The Far Western District is a geographical district of the Barbershop Harmony Society (BHS).

First organized in 1946, the district encompasses the four far-western US states of California, Nevada, Arizona, and Hawaii, plus St. George, Utah.

The BHS District Map. The Dixie District has since renamed to Southeastern Harmony and the Carolinas separated to their own district.

==Chapters==
FWD is home to the four-time BHS Championship Gold medalist Westminster Chorus, who won in 2007, 2010, 2015, 2019 and 2024, and the nine-time Gold winner Masters of Harmony Chorus, who won the BHS international competitions in 1990, 1993, 1996, 1999, 2002, 2005, 2008, 2011 and 2017.
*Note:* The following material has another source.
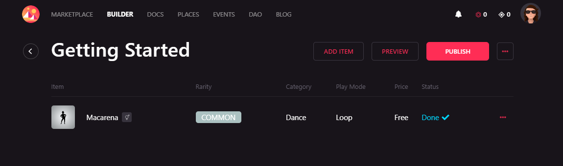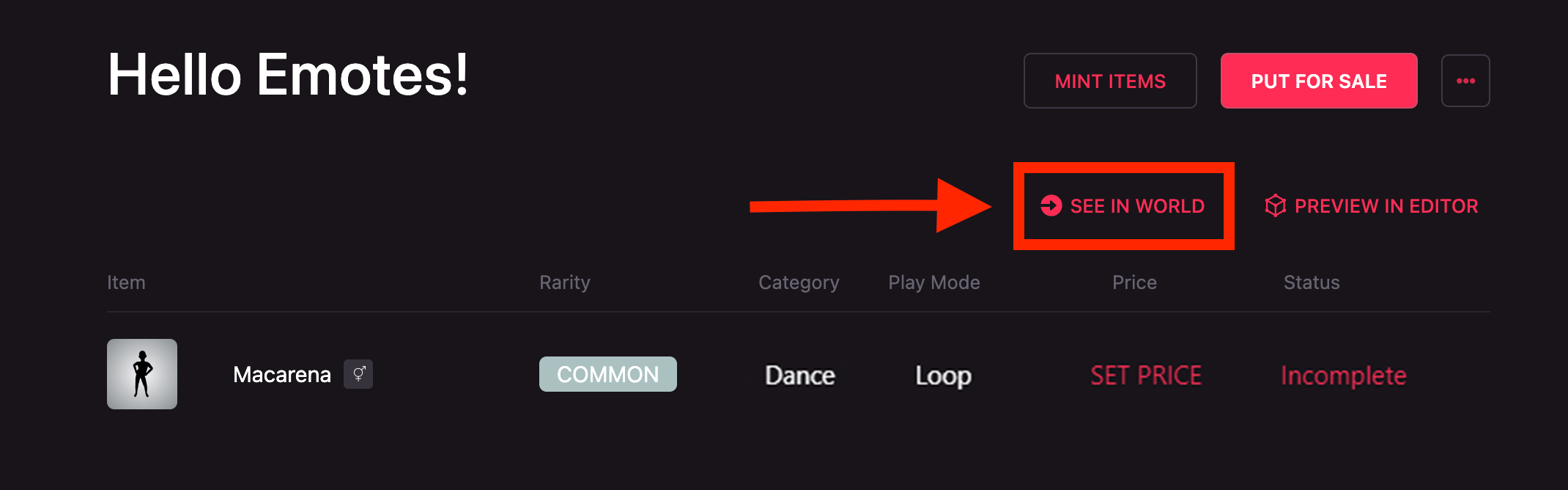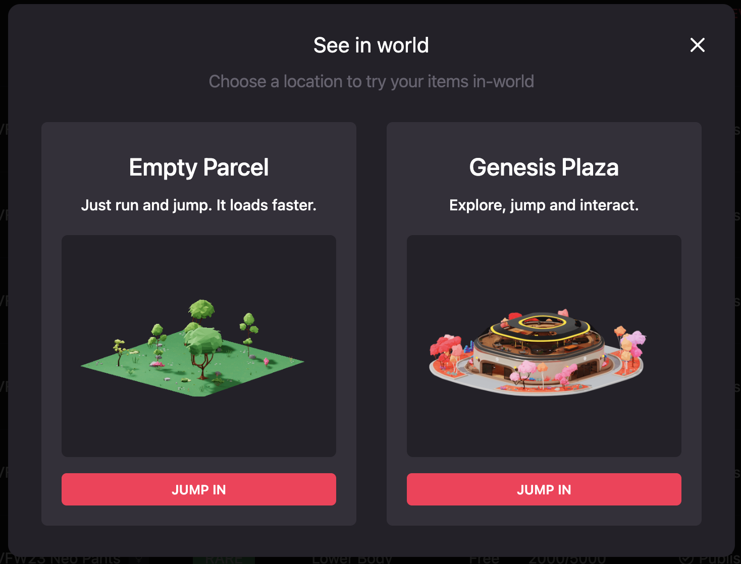 Even after testing the animation in the editor, it’s important to check how it’s actually going to look like and behave in Decentraland. To test it in world, go to the Collections tab, select the desired collection and it will show all the items you have in it. Select the desired collection and click the button See in World.

The 2002 district champions Garden City Chorus competed 54 years before winning a shot at international-level competition.

The Phoenix Saguaro chapter was founded in 1943. Now called the Greater Phoenix Chapter, its Spirit of Phoenix Chorus became the international gold medalists three times (in 1972, 1976, and 1983) competing as the 'Phabulous' Phoenicians Chorus, and earned other medals eleven times.

==Champion quartets==
Past district champion quartets become members of the Association of Far Western District Champions. Several have gone on to medal or win at BHS international conventions, notably the 2008 international champions OC Times, 2004 international champions Gotcha! and 1996's Nightlife.